Astro Hacker News - Ornith-1.0: Self-scaffolding LLMs for agentic coding

SwellJoe |next [-]

I added this to a benchmark I've been doing of how well agents find security bugs, specifically security bugs originally found by Mythos. It performs poorly with only read/grep/ls tools, but in a follow-up test with a full shell and Python, it doubled its findings (still a poor showing, but it does at least indicate it is doing what it says on the tin: making tools to help it solve problems). It also did worse than Qwen AgentWorld, another recent post-train of Qwen 3.6 MoE intended for agentic use.

https://swelljoe.com/post/will-it-mythos/

hedgehog |root |parent |next [-]

It would be really interesting to see how the Qwen 3.6 35B model compares to the 27B on your benchmark.

kordlessagain |root |parent |previous [-]

Good to know. Thanks for the research!

Balinares |next |previous [-]

I'd have expected this to get more HN attention. Qwen 3.6 35B capability in a 9B model is a bonkers claim.

Balinares |root |parent |next [-]

Ok, I gave the 35B MoE weights a shot at Q6. It failed my go-to code reasoning benchmark (local models usually do), but delivered the most advanced output I've seen so far for my (non-agentic) coding execution benchmark. It was also full of bugs, though more in the form of coding mistakes than the deep logic bugs I usually see in local models. The code was also a bit haphazard, and some of those bugs could have been prevented entirely with a better code structure.

It was fairly good at diagnosing the bugs once informed of their symptoms. However, if I mischaracterized the symptoms, it would weigh my input too heavily and reject its own (correct) hunch about the root cause.

So it's an interesting one. There's definitely some latent capability in there that arguably exceeds Qwen 3.6, which is absolutely no small feat. But that capability seems to come in a somewhat erratic package.

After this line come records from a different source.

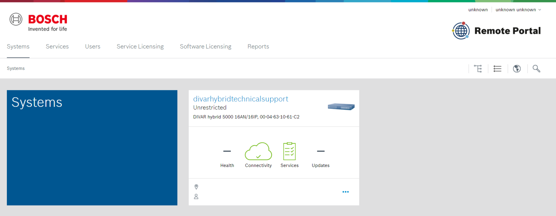 After logging into your Remote Portal account, you should see the DIVAR as connected:Open the image in full screen mode
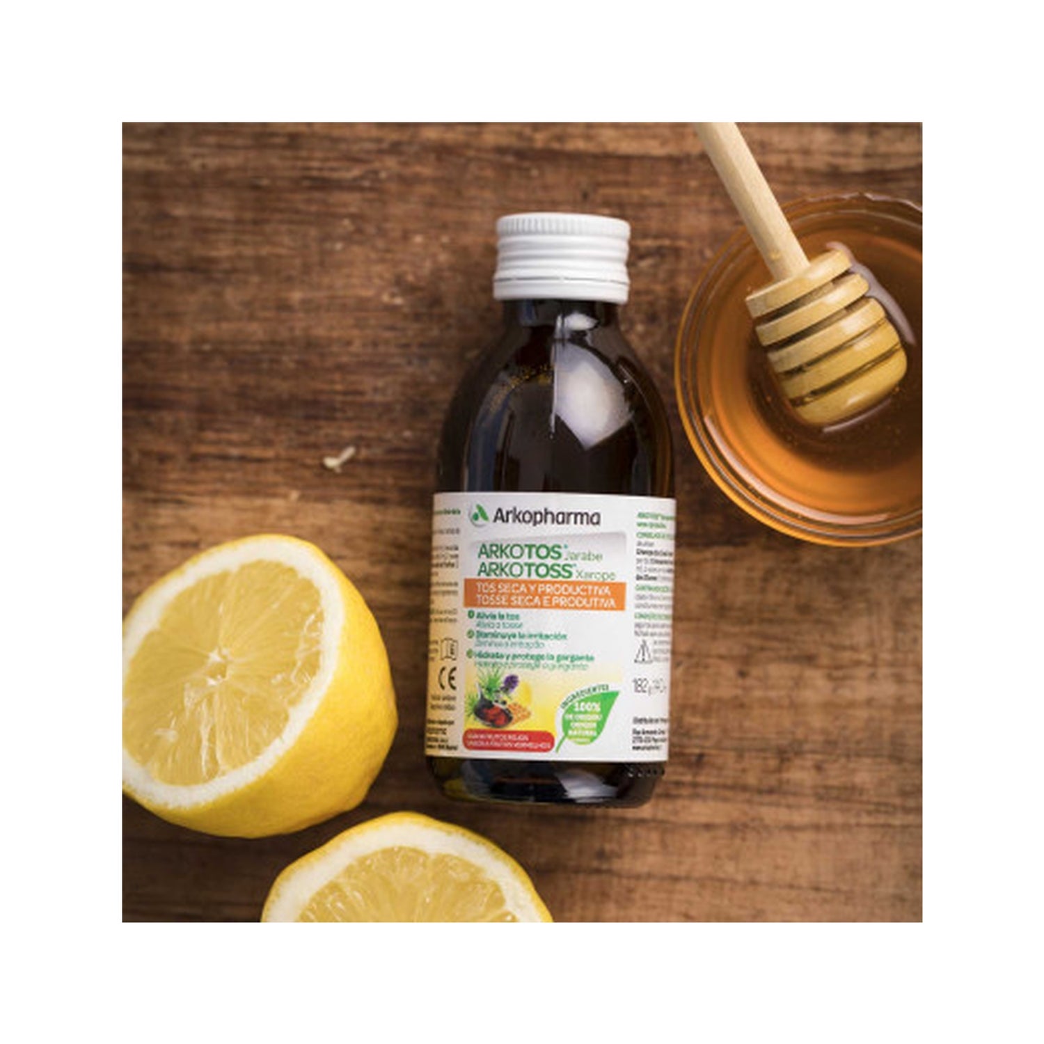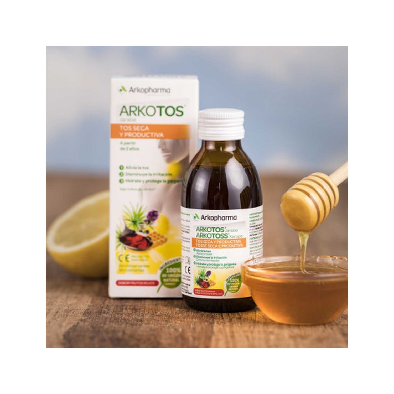Arkopharma Arkotos Tør og Produktiv Hoste Smag af Bær 140ml er en sirup med smag af bær beregnet til at behandle tør hoste og lindre smerter i irriteret hals.
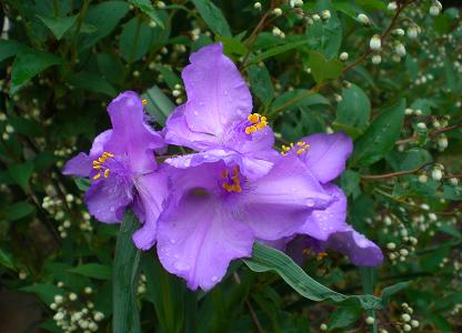 今日は雨です。先週末に来てくれた友人のことを思い出し、今週だったら雨だったね、先週で良かったな、と今思っているところです。 雨の日は、あたりも一段と静かで、鳥の鳴き声だけがしています。傘をさして庭に出て、ムラサキツユクサを撮ってみました。雨に清められ、花弁の紫が冴えています。花芯の黄色も素敵。 この自然の配色の妙はどんなデザイナーもかないません。頭上には藤の花、足元には十二単、都忘れ、ヒイラギ草、オダマキ、と紫色の花が次々に満開を迎えて、うっとりです。紫の世界は、雨が似合いますね。 でも、シトシトと降る雨がいいな。写真の背景は、ウツギの花のツボミです。とても好きな花です。咲くときれいですよ。

It's probably worth benchmarking it unquantized if you can. I've grown to suspect that quantization damages small models more than perplexity and KL divergence accurately reflect.

I'll also give the 9B weights a shot when I can.

juliangoldsmith |root |parent |next |previous [-]

It looks like they're comparing Orinth 9B to Qwen 3.5 35B, not Qwen 3.6. I guess it kind of makes sense since it's a finetune of 3.5, but I totally missed until I looked closely.

In my brief tests, Ornith 35B performed quite well. It won't replace DeepSeek V4 Flash for me, but if it was fast and cheap enough it might.

I don't remember being super impressed with Ornith 9B, but I could see it being on par with Qwen 3.5 35B.

Balinares |root |parent [-]

A 9B model with the capability of the 35B SOTA from last February is too good to be true, and a wild claim to make IMO even if there's a newer 35B SOTA. I'll need to make time to take it on a test drive and see how it holds up.

juliangoldsmith |root |parent [-]

The claim isn't so wild when it's a generalist versus a finetune trained specifically on the tasks being benchmarked.

chid |root |parent |previous [-]

I thought so too when I read the headline but I expect it's basically Qwen3.5-9B

nzach |previous [-]

Instead of training the model to directly answer questions we trained the model to always write and execute the code that would solve the question ?

If that is the case, this isn't just a fancy way to perform prompt optimization?